Delicia smiled and shook her head.

"If you want to be a famous mannequin," the girl replied, "you must be the daughter of a Socialist M.P.; or the sister or cousin of somebody with a title. Another way is to sit in the nude; or to get mixed up in some particularly nasty divorce or dope scandal. Then you're a wonderful mannequin, right off."

She was so good-tempered about it: and she was such a pretty girl, with her red-gold hair and hazel eyes lighted with golden gleams, that Daphne liked her better than ever.

"I'd do something to get myself talked about," she suggested. "Commit a murder, or have a fatal duel fought about me."

"I mean to," she agreed. "When I come back to London, I'll come as a vamp of the first water. The blue sky is the limit with me."

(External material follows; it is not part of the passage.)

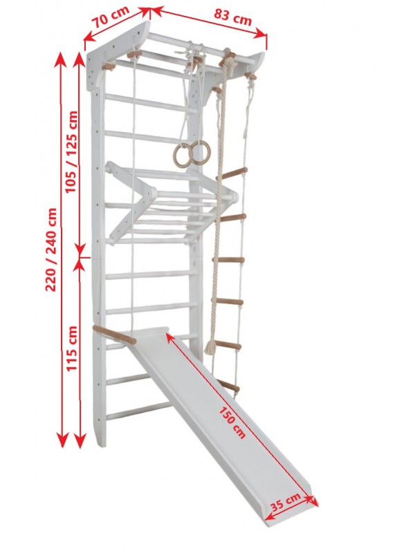 - Teherbírás: Svéd létra: 150 kg, Fix felső rúd: 100 kg, Levehető gyermek rúd: 50 kg, Függő kiegészítők: 60 kg

"Let me know when you are coming," Daphne said, giving her a card. "I might be able to help."

"Thank you," Delicia said gratefully. "My real name is Helen Gedge, Miss Wyse."

"It would be," Daphne agreed; and went away without expecting ever to see her again.

But that was before she had ever heard of the Picture of the Year.


DAPHNE got her first glimpse of that canvas on the day of the Academy private view. She was there, with Mrs. Wynn-Dunkerly, her chaperone; and was an amused spectator of that stout lady's effort to wedge herself into the crowd which stood before this picture.

"Let's come back later," Daphne suggested. "They'll go away presently."

"But they won't," said the chaperone fretfully. "You don't understand. This is 'Shop Soiled,' by Conrad Castieau. You must surely have heard of him, Daphne; he's a terrible young man, but such a genius."

Daphne nodded, intent upon the fashionable crowd which obscured her view of the picture. Why were they behaving in such a mysterious, knowing fashion? What was the meaning of the whispers, and becks and nods?

When at last she got a sight of the picture, Daphne was disappointed, repelled, and yet fascinated.

The subject was a girl, tall, graceful, and with a beautiful face. She wore a rich dinner frock, which would not even have been "daring," but for something in her attitude which conveyed wilful immodesty. Her right hand was stretched forward to a phial of cut-glass on a shelf before her: and the phial was half-full of a white powder.

To call such a picture "Shop Soiled" was to underscore the obvious. The title was as blatant as a newspaper headline.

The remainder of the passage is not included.